Kamila Szczawińska (born 20 September 1984, in Poznań) is a Polish model.

==Biography==
===Early years===
She spent part of her life in Rożnowice and Jaracz. She graduated from a primary school in Parkowo.

===Career===
She started her work in modelling in 2001 for one of the modelling agencies in Poznań. Initially, she appeared at fashion shows in Poznań's Okrąglak and the Poznań Fashion Fair. During one of the shows in Poznań, Kamila was spotted by an agent of one of the Milan agencies and persuaded her to leave. There, she was quickly involved in shows of famous creators such as: Valentino, Giorgio Armani and Gucci. Later, she signed another contract in Paris, where she worked for brands such as: Chanel, Yves Saint Laurent, Christian Dior and Gucci. Then she found herself in New York City, where she promoted fashion houses, including: Emanuel Ungaro, Marc Jacobs, Ralph Lauren, Sonia Rykiel, Rocco Barocco, Viktor & Rolf, Christian Lacroix, Elie Saab, John Galliano and Kenzo. She was the muse of Roberto Cavallego. In 2007, she appeared for the last time on the world catwalk in a Stella McCartney show.
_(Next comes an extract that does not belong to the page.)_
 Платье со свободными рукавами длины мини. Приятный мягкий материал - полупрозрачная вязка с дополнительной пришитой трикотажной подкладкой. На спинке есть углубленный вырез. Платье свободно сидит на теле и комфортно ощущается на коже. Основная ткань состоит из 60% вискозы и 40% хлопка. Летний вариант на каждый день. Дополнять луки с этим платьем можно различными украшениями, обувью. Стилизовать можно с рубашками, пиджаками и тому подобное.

From 2007 to 2013, she suspended international careers for her family life. During this time, she sporadically participated in shows of Polish fashion designers, such as: Dawid Woliński and Małgorzata Baczyńska. From 2014, she began to appear again on European catwalks. She signed a renewed contract with an agency in Milan. She has already had fashion shows for the brands Deni Cler, Klif and La Mania. From 6 to 27 March, 2015, she participated in the third edition of the programme Dancing with the Stars: Taniec z gwiazdami broadcast by Polsat. Her dance partner was Robert Kochanek, with whom she dropped out in the fourth episode, taking ninth place. From 23 February to 8 March 2016, she participated in the programme Agent – Gwiazdy on TVN. She later disappeared in the third episode.
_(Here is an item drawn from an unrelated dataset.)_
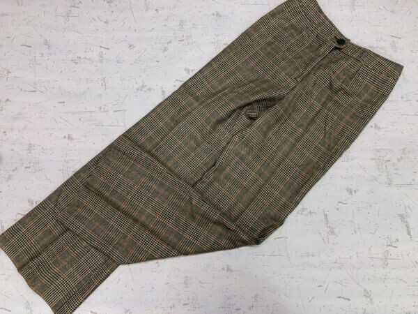 オールド 昭和 国産レトロ ブーツカット ワイド スラックス グレンチェック パンツ ボトムス レディース 日本製 ウール100% キャメル系 です。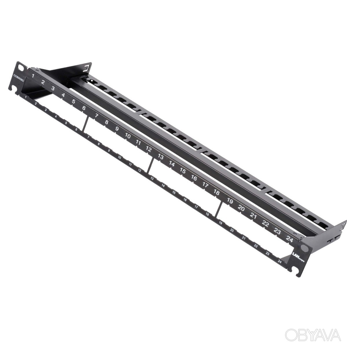 Патч-панель для 24 модулів xs500 Keystone, 1U, 19″, з кабельним організатором, Corning

On 23 November 2016, she released her cookbook entitled Kuchnia dla całej rodziny (Kitchen for the whole family), which was published by Edipresse Books.

===Private life===
On 13 June 2009, she got married. She has two children, son Julek and daughter Kalina. Update: She now has three children (per her interview on Radio Nowy Świat in 2024).